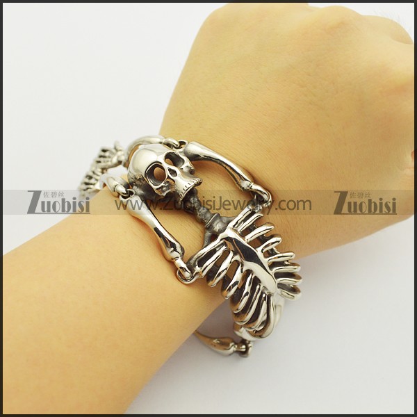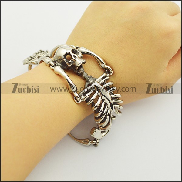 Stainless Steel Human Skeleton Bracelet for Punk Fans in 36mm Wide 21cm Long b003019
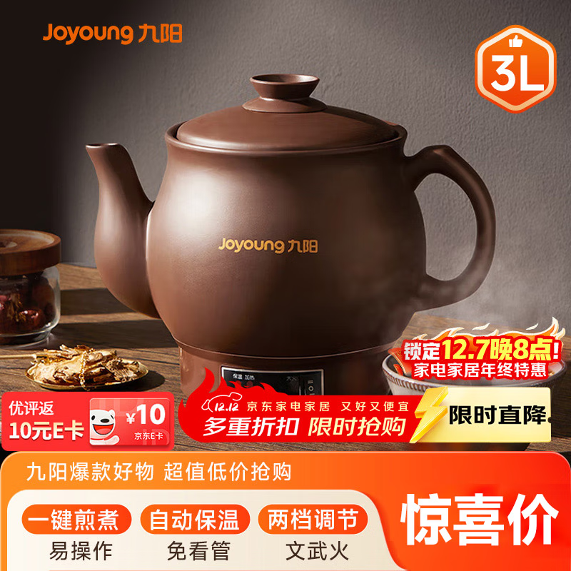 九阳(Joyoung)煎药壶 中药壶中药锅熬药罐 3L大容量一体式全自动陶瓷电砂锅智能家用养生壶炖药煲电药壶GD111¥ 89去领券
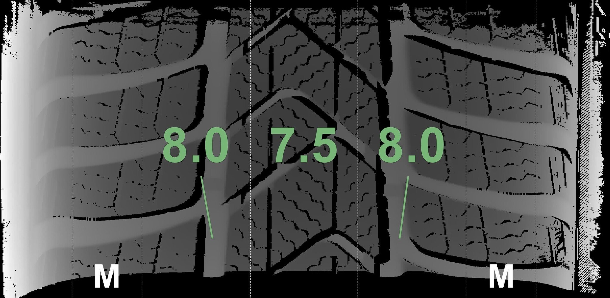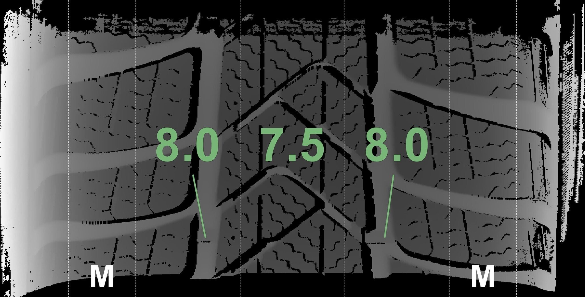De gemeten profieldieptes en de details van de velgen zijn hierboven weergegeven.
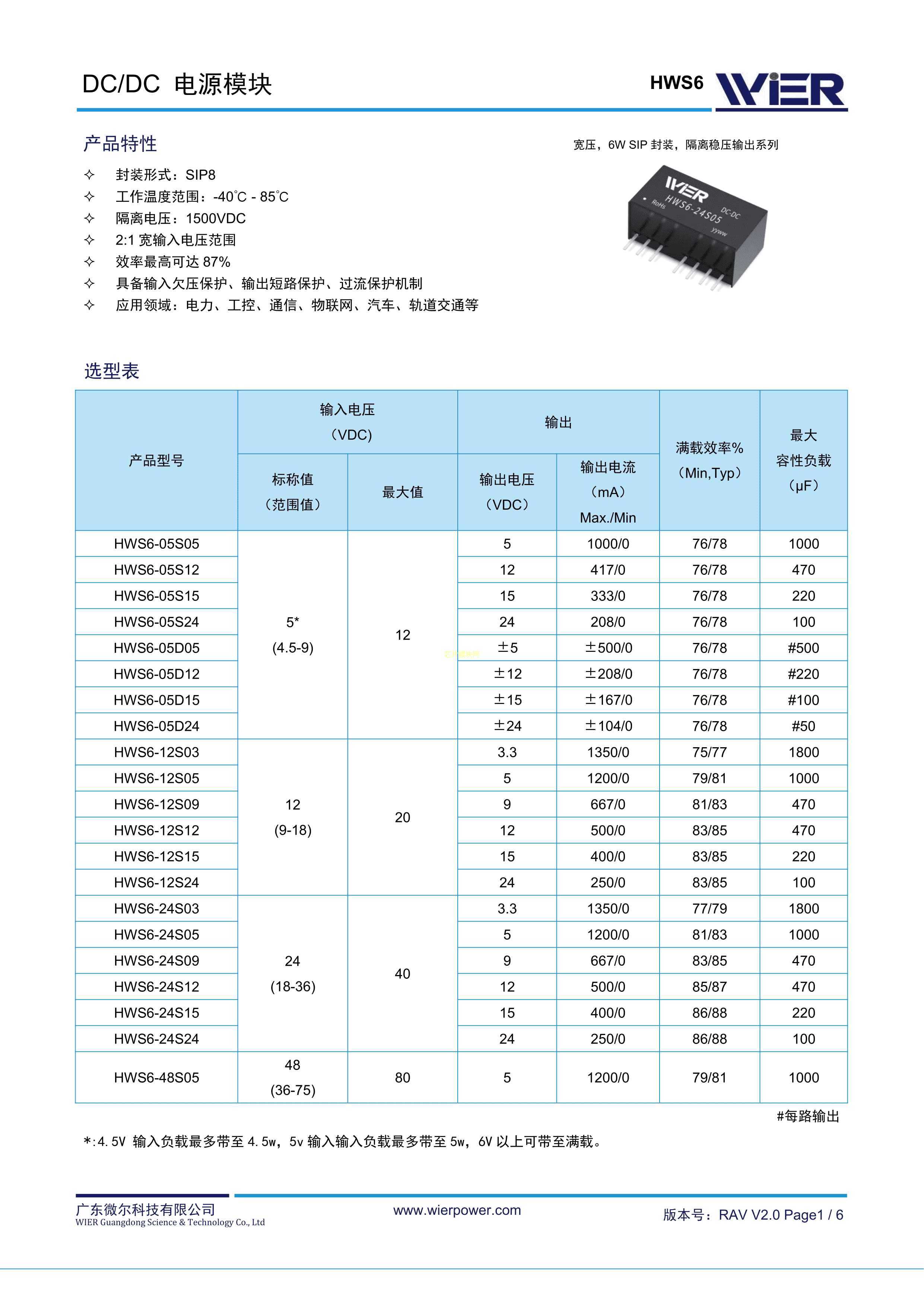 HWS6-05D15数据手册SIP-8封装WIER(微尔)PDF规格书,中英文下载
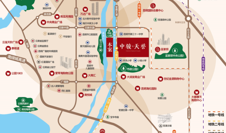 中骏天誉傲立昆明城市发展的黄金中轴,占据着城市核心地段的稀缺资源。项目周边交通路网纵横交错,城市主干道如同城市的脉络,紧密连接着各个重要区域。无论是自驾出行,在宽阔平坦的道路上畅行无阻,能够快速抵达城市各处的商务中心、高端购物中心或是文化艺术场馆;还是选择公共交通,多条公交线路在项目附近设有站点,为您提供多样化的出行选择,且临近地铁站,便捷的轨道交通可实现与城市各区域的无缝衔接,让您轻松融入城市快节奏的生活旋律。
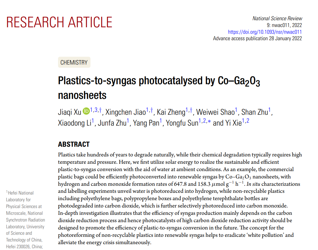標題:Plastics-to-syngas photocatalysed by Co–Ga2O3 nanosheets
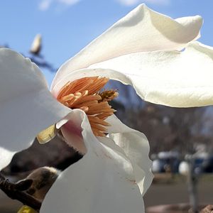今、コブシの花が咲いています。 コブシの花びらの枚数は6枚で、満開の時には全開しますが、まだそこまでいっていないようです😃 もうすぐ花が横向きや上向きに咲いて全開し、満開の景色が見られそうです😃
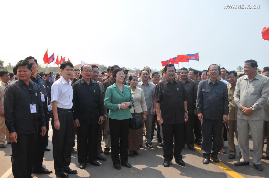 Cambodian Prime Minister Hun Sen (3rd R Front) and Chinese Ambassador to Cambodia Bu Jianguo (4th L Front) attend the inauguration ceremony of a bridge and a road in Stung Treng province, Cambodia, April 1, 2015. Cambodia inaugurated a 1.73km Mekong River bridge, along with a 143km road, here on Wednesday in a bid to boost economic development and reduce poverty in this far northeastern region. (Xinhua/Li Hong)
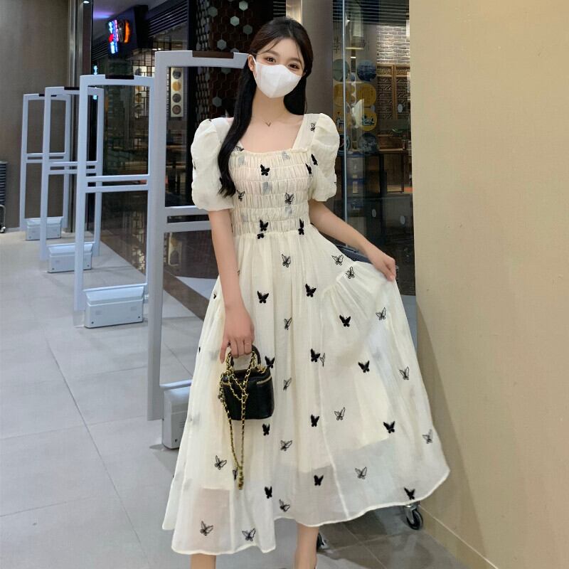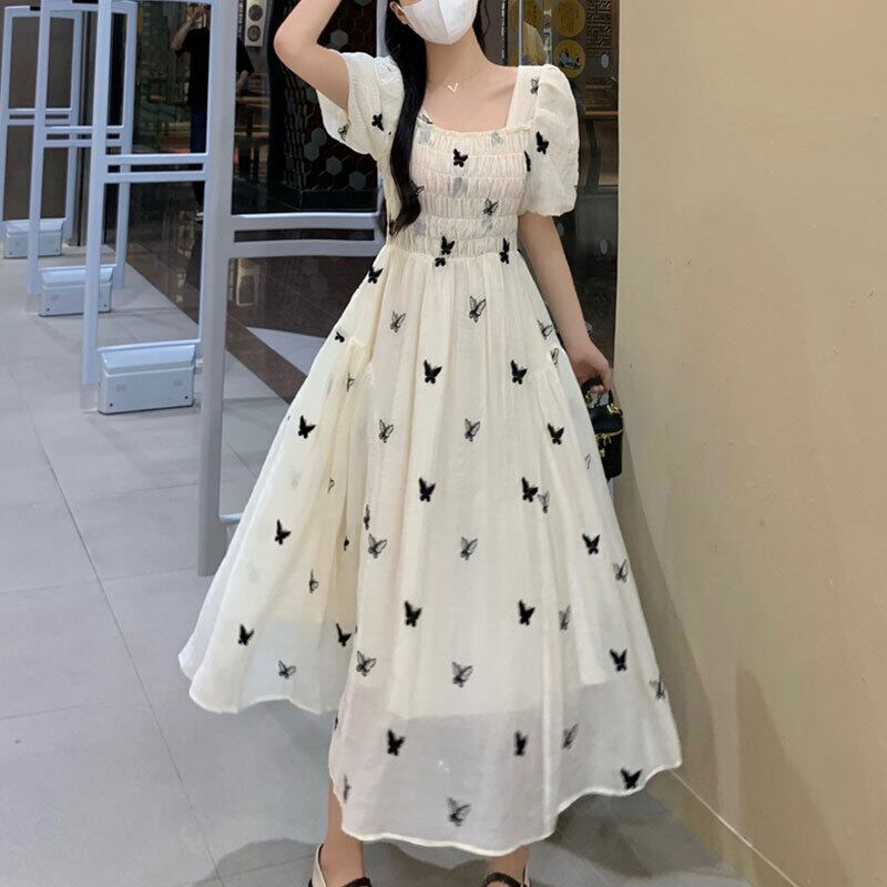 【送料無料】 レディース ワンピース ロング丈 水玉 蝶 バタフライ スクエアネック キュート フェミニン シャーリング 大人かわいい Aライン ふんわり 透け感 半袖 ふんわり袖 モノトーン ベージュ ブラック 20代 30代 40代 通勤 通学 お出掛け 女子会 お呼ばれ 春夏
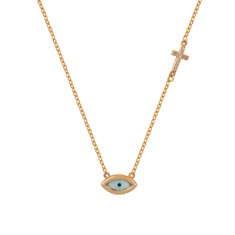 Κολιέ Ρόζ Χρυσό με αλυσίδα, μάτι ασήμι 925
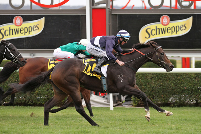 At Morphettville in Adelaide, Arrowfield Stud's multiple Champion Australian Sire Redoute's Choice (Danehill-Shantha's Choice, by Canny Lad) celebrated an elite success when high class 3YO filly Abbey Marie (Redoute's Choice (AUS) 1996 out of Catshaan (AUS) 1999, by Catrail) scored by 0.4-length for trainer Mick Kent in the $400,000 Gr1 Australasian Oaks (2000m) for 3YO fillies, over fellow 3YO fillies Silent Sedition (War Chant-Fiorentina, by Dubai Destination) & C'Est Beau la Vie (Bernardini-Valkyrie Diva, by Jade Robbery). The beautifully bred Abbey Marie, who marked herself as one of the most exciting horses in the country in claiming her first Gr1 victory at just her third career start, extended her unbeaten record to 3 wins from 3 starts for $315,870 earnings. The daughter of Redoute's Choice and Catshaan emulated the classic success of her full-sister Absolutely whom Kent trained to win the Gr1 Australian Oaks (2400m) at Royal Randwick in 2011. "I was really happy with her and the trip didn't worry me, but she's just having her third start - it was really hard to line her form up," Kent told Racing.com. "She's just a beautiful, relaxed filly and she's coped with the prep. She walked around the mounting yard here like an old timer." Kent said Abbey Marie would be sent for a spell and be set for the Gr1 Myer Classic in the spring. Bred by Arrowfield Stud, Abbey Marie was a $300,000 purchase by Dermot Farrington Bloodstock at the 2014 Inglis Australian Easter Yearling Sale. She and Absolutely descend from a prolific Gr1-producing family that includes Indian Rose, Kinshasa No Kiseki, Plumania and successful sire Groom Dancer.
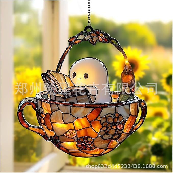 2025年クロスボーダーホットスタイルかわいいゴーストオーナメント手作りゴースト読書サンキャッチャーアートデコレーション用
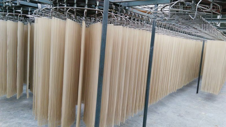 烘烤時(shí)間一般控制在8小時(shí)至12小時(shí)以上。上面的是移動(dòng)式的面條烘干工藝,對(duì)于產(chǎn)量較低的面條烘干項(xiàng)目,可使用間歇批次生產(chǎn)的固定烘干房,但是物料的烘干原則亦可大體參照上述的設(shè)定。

*****

*HOW TO COMPLETE THIS TASK*:
Strip out the images, then output the records above word for word.

*ANSWER TO THIS TASK*:
 Stainless Steel Human Skeleton Bracelet for Punk Fans in 36mm Wide 21cm Long b003019
 九阳(Joyoung)煎药壶 中药壶中药锅熬药罐 3L大容量一体式全自动陶瓷电砂锅智能家用养生壶炖药煲电药壶GD111¥ 89去领券
De gemeten profieldieptes en de details van de velgen zijn hierboven weergegeven.
 HWS6-05D15数据手册SIP-8封装WIER(微尔)PDF规格书,中英文下载
 中骏天誉傲立昆明城市发展的黄金中轴,占据着城市核心地段的稀缺资源。项目周边交通路网纵横交错,城市主干道如同城市的脉络,紧密连接着各个重要区域。无论是自驾出行,在宽阔平坦的道路上畅行无阻,能够快速抵达城市各处的商务中心、高端购物中心或是文化艺术场馆;还是选择公共交通,多条公交线路在项目附近设有站点,为您提供多样化的出行选择,且临近地铁站,便捷的轨道交通可实现与城市各区域的无缝衔接,让您轻松融入城市快节奏的生活旋律。
標題:Plastics-to-syngas photocatalysed by Co–Ga2O3 nanosheets
今、コブシの花が咲いています。 コブシの花びらの枚数は6枚で、満開の時には全開しますが、まだそこまでいっていないようです😃 もうすぐ花が横向きや上向きに咲いて全開し、満開の景色が見られそうです😃
 Cambodian Prime Minister Hun Sen (3rd R Front) and Chinese Ambassador to Cambodia Bu Jianguo (4th L Front) attend the inauguration ceremony of a bridge and a road in Stung Treng province, Cambodia, April 1, 2015. Cambodia inaugurated a 1.73km Mekong River bridge, along with a 143km road, here on Wednesday in a bid to boost economic development and reduce poverty in this far northeastern region. (Xinhua/Li Hong)
 【送料無料】 レディース ワンピース ロング丈 水玉 蝶 バタフライ スクエアネック キュート フェミニン シャーリング 大人かわいい Aライン ふんわり 透け感 半袖 ふんわり袖 モノトーン ベージュ ブラック 20代 30代 40代 通勤 通学 お出掛け 女子会 お呼ばれ 春夏
 Κολιέ Ρόζ Χρυσό με αλυσίδα, μάτι ασήμι 925
 At Morphettville in Adelaide, Arrowfield Stud's multiple Champion Australian Sire Redoute's Choice (Danehill-Shantha's Choice, by Canny Lad) celebrated an elite success when high class 3YO filly Abbey Marie (Redoute's Choice (AUS) 1996 out of Catshaan (AUS) 1999, by Catrail) scored by 0.4-length for trainer Mick Kent in the $400,000 Gr1 Australasian Oaks (2000m) for 3YO fillies, over fellow 3YO fillies Silent Sedition (War Chant-Fiorentina, by Dubai Destination) & C'Est Beau la Vie (Bernardini-Valkyrie Diva, by Jade Robbery). The beautifully bred Abbey Marie, who marked herself as one of the most exciting horses in the country in claiming her first Gr1 victory at just her third career start, extended her unbeaten record to 3 wins from 3 starts for $315,870 earnings. The daughter of Redoute's Choice and Catshaan emulated the classic success of her full-sister Absolutely whom Kent trained to win the Gr1 Australian Oaks (2400m) at Royal Randwick in 2011. "I was really happy with her and the trip didn't worry me, but she's just having her third start - it was really hard to line her form up," Kent told Racing.com. "She's just a beautiful, relaxed filly and she's coped with the prep. She walked around the mounting yard here like an old timer." Kent said Abbey Marie would be sent for a spell and be set for the Gr1 Myer Classic in the spring. Bred by Arrowfield Stud, Abbey Marie was a $300,000 purchase by Dermot Farrington Bloodstock at the 2014 Inglis Australian Easter Yearling Sale. She and Absolutely descend from a prolific Gr1-producing family that includes Indian Rose, Kinshasa No Kiseki, Plumania and successful sire Groom Dancer.
 2025年クロスボーダーホットスタイルかわいいゴーストオーナメント手作りゴースト読書サンキャッチャーアートデコレーション用
 烘烤時(shí)間一般控制在8小時(shí)至12小時(shí)以上。上面的是移動(dòng)式的面條烘干工藝,對(duì)于產(chǎn)量較低的面條烘干項(xiàng)目,可使用間歇批次生產(chǎn)的固定烘干房,但是物料的烘干原則亦可大體參照上述的設(shè)定。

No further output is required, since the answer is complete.